● INPUT DATA:

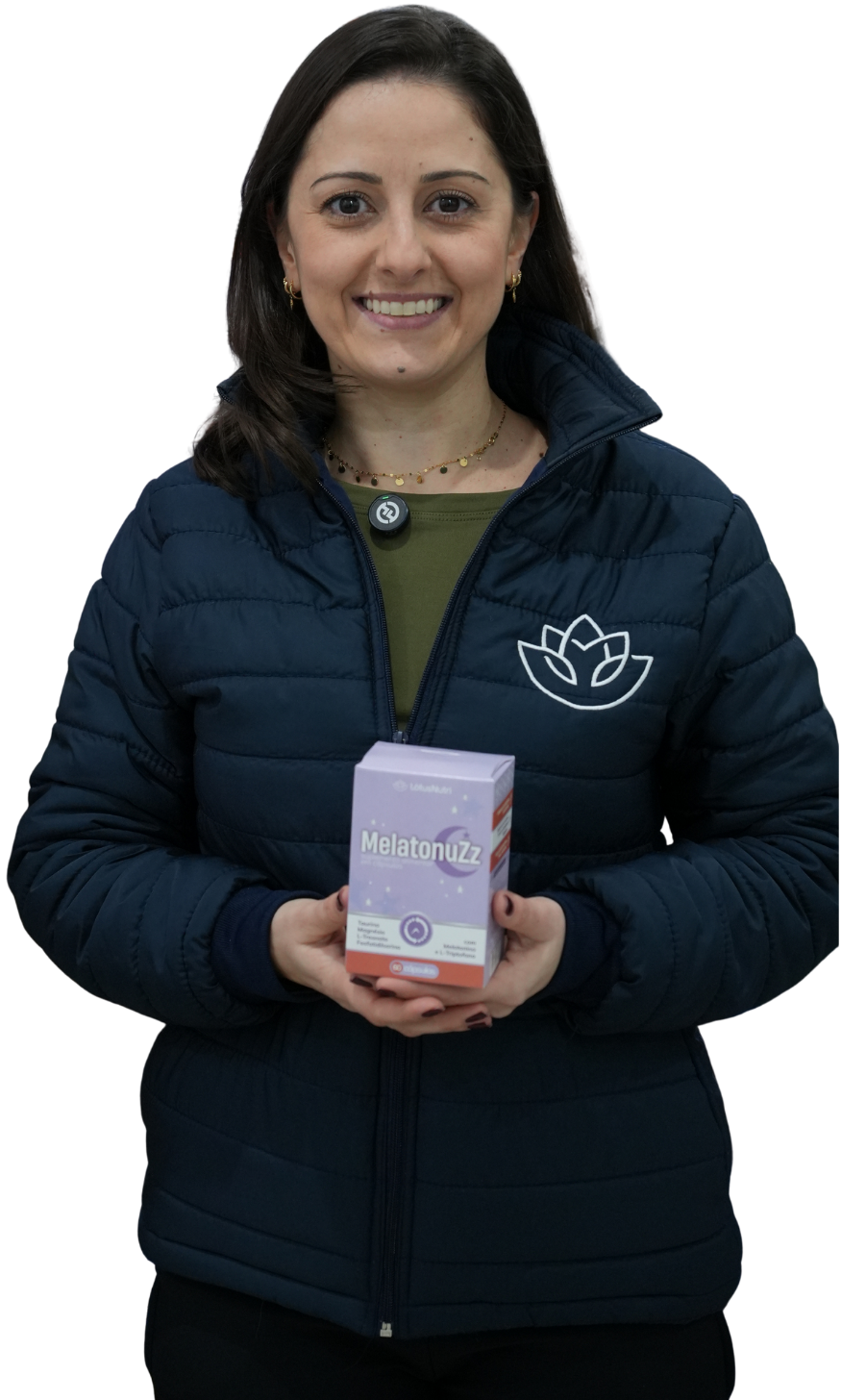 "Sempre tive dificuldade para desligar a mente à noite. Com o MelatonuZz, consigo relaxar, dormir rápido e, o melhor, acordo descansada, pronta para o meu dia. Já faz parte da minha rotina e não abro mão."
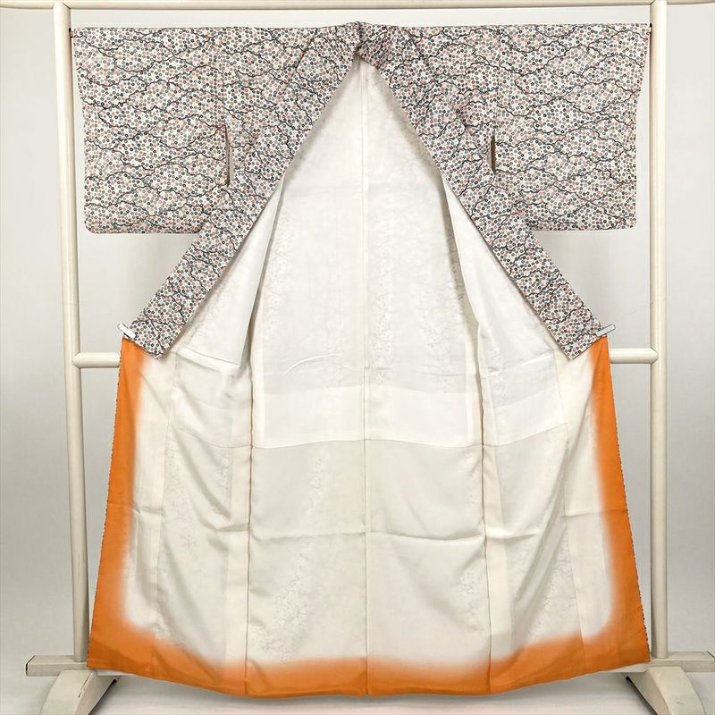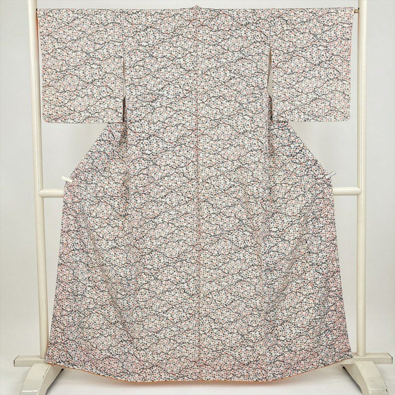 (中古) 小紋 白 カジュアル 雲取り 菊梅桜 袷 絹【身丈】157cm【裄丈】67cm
--
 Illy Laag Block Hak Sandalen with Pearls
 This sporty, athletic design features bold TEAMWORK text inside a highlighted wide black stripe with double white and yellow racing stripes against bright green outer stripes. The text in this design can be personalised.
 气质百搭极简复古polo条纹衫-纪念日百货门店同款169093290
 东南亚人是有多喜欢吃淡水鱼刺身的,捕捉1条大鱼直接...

● BRIEF: Up in the listing, locate the line with "tive dificuldade para"; print it and every line after it down to the line with "(中古) 小紋 白 カジュアル 雲取り 菊梅桜 袷 絹【身丈】157cm【裄丈】67cm", which is included too. Skip the pictures.

● RESULT:
 "Sempre tive dificuldade para desligar a mente à noite. Com o MelatonuZz, consigo relaxar, dormir rápido e, o melhor, acordo descansada, pronta para o meu dia. Já faz parte da minha rotina e não abro mão."
 (中古) 小紋 白 カジュアル 雲取り 菊梅桜 袷 絹【身丈】157cm【裄丈】67cm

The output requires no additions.